Lock operations are much slower than two calls to System.Threading.Thread.CurrentThread.ManagedThreadId, so that it justifies the extra field?

Yes, blocked operations are much slower than two calls to start ManagedThreadId - blocked operations are not cheap, because multiprocessing systems are required to synchronize their caches.

From Understanding the Impact of Low-Lock Methods in Multithreaded Applications :

Interdependent instructions should ensure that caches are synchronized so that reading and writing do not seem to go past instructions. Depending on the details of the memory system and the amount of memory recently changed on different processors, this can be quite expensive (hundreds of learning cycles).

In Threading in C #, it lists overheads in the form of 10ns. While getting ManagedThreadId should be a normal non- ManagedThreadId reading of static data.
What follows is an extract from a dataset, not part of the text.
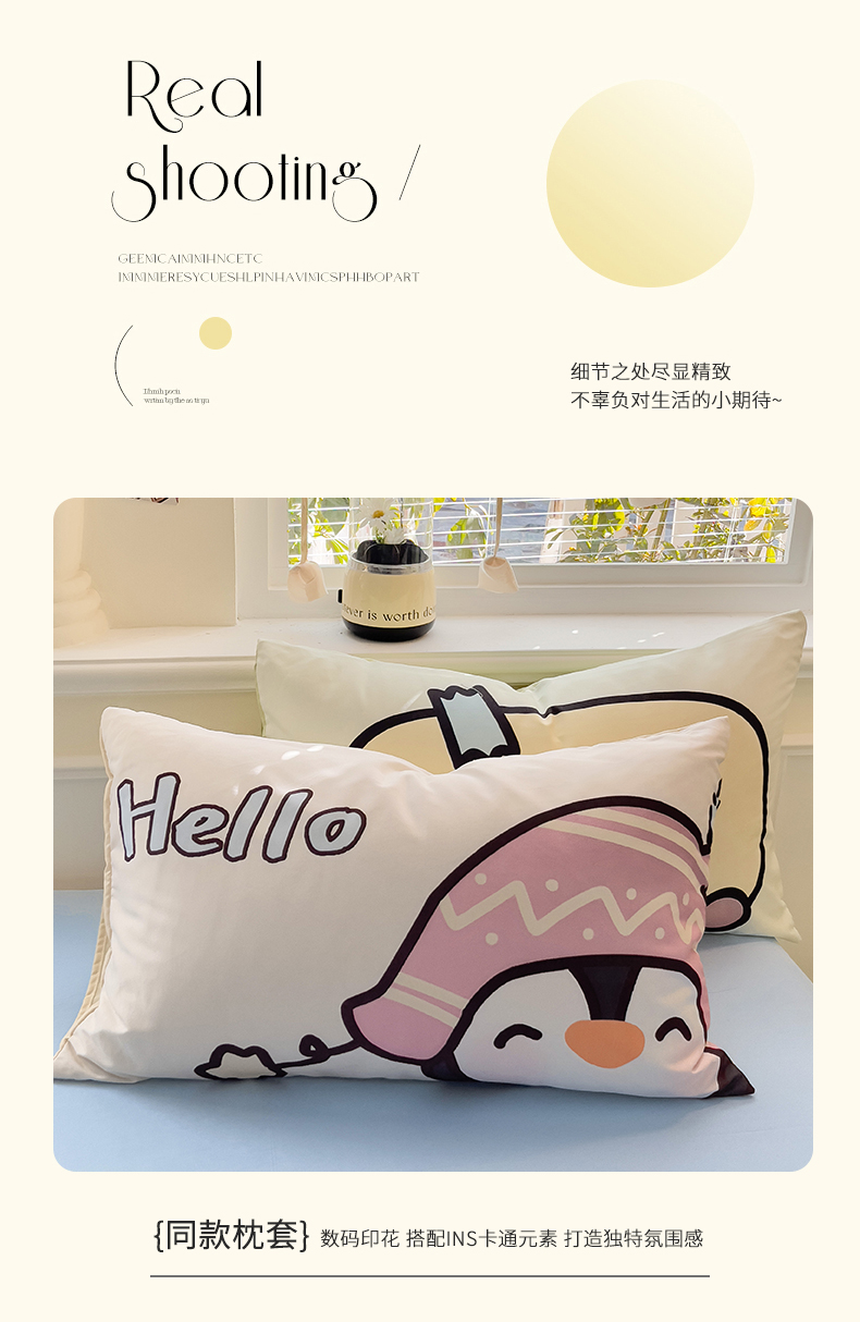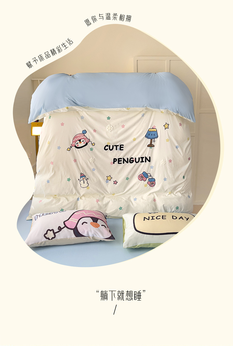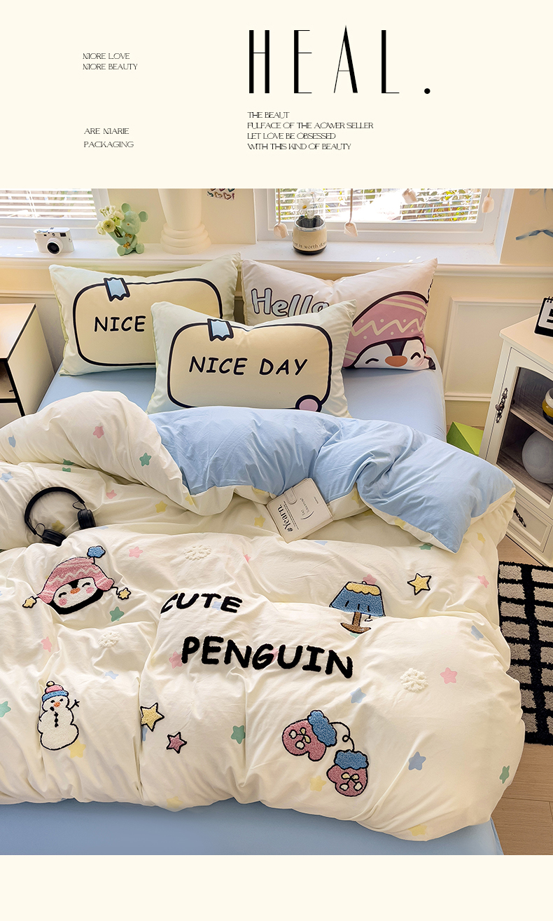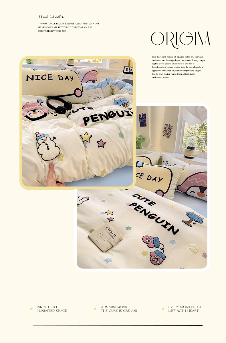 当前位置: 91家纺网 > 商品网购 > 床品套件 > 四件套 > 全棉普通四件套 > 尤米【提供买家秀】2025新款水洗棉大版卡通毛巾绣四件套 企鹅-星星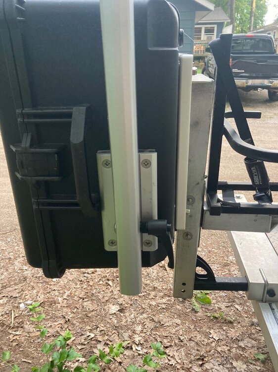 Table and swingarm get stored in truck. Upright mounting plate is bolted to pelican case so it can be adjusted up and down.

Now these are just my assumptions, but if you think about the normal use case, it will be a function call to retrieve IEnumerable and immediately iterate over it once. Thus, in the standard use case, the object:

  • Used once
  • Used in the same stream that was created
  • Short

Thus, this project does not impose any synchronization overhead and sacrifices 4 bytes, which are likely to be used only for a very short period of time.

Of course, in order to prove this, you will need to perform a performance analysis to determine the relative costs and code analysis to prove what the general case is.